What the task asks >>
The listing below is to be copied exactly, with pictures excluded.

Segment Start: Dataset section

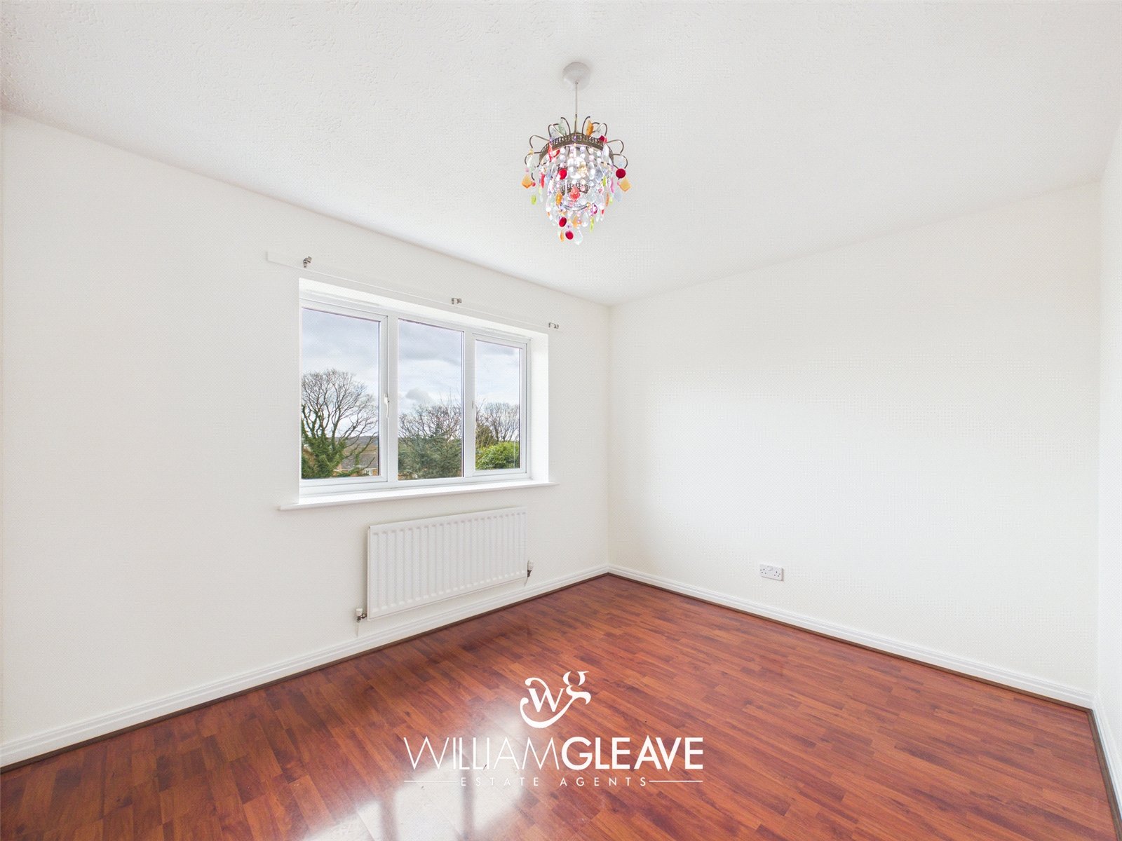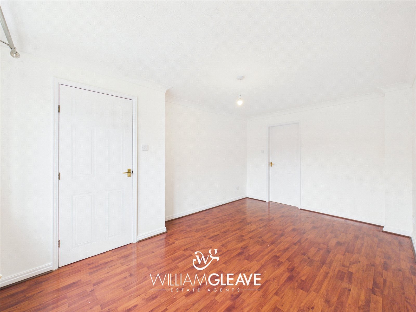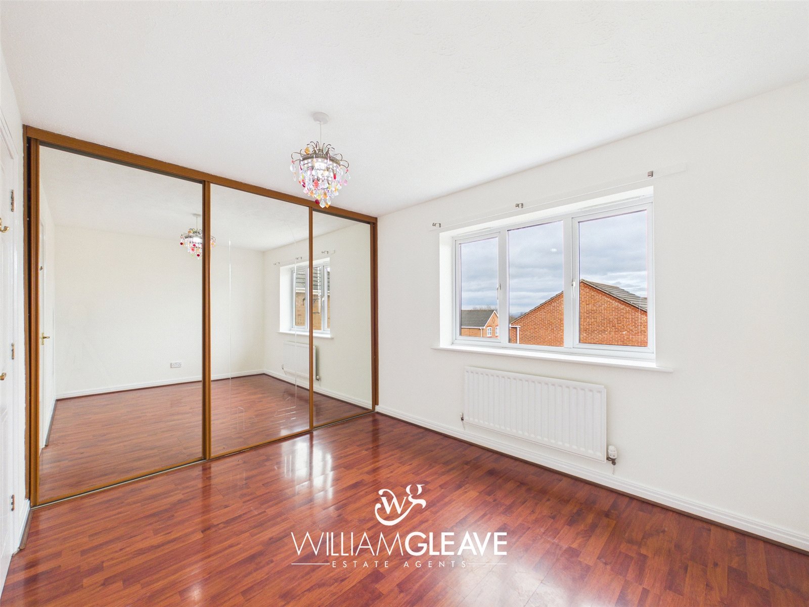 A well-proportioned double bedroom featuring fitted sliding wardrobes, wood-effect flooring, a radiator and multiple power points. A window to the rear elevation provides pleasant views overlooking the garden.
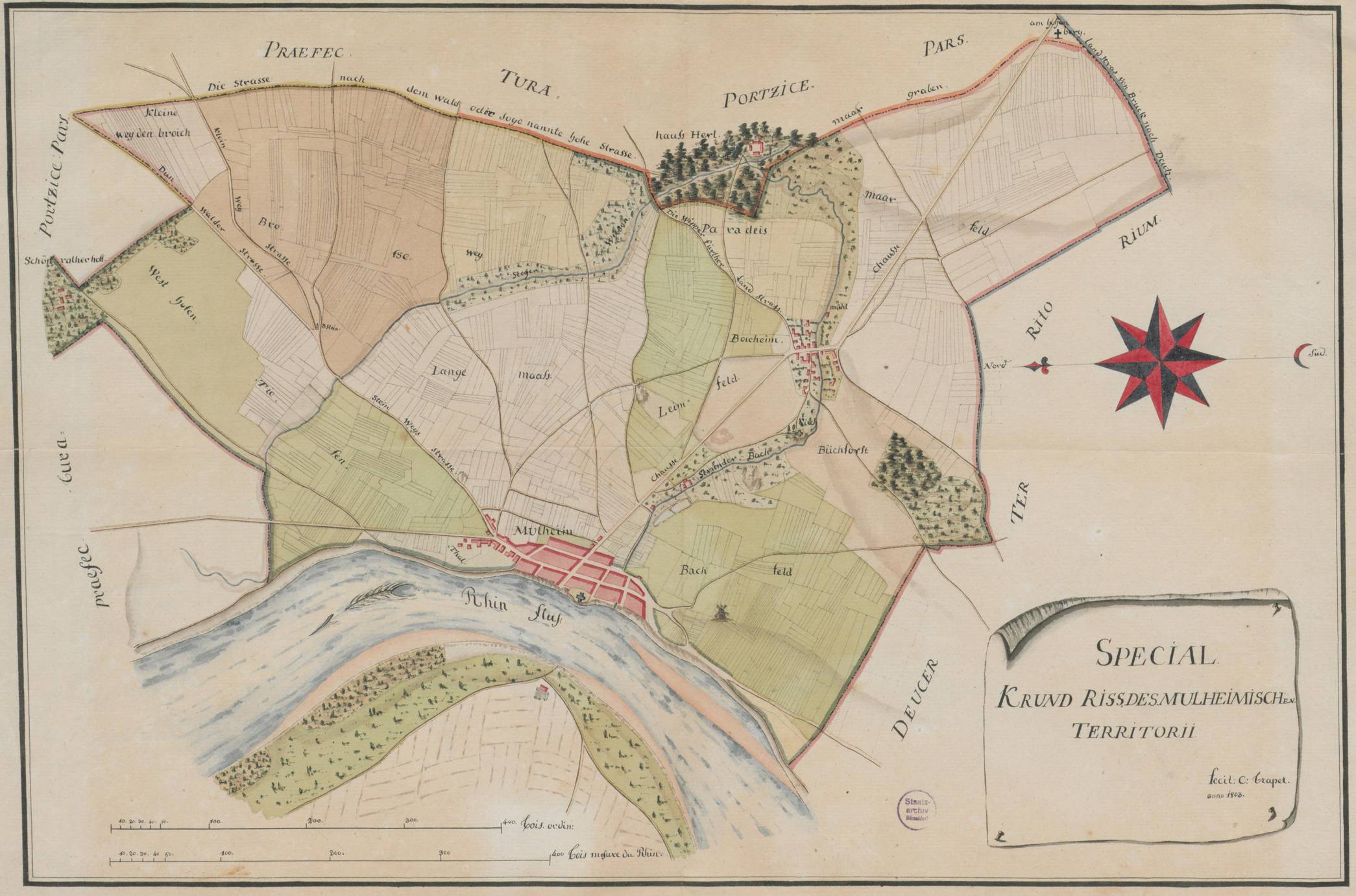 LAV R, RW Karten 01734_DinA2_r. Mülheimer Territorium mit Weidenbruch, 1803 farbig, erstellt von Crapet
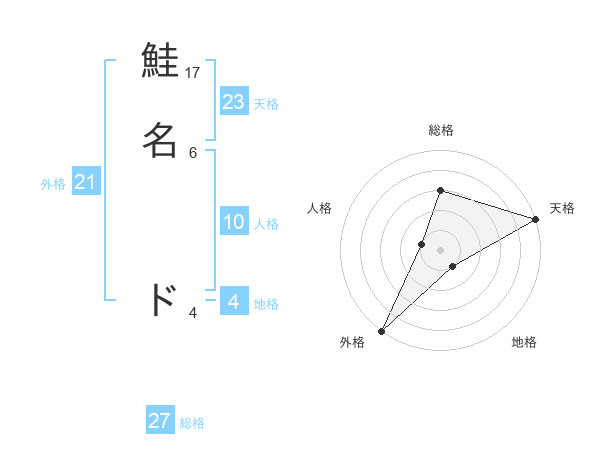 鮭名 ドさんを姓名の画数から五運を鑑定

Segment End: Dataset section

Answer section >>
 A well-proportioned double bedroom featuring fitted sliding wardrobes, wood-effect flooring, a radiator and multiple power points. A window to the rear elevation provides pleasant views overlooking the garden.
 LAV R, RW Karten 01734_DinA2_r. Mülheimer Territorium mit Weidenbruch, 1803 farbig, erstellt von Crapet
 鮭名 ドさんを姓名の画数から五運を鑑定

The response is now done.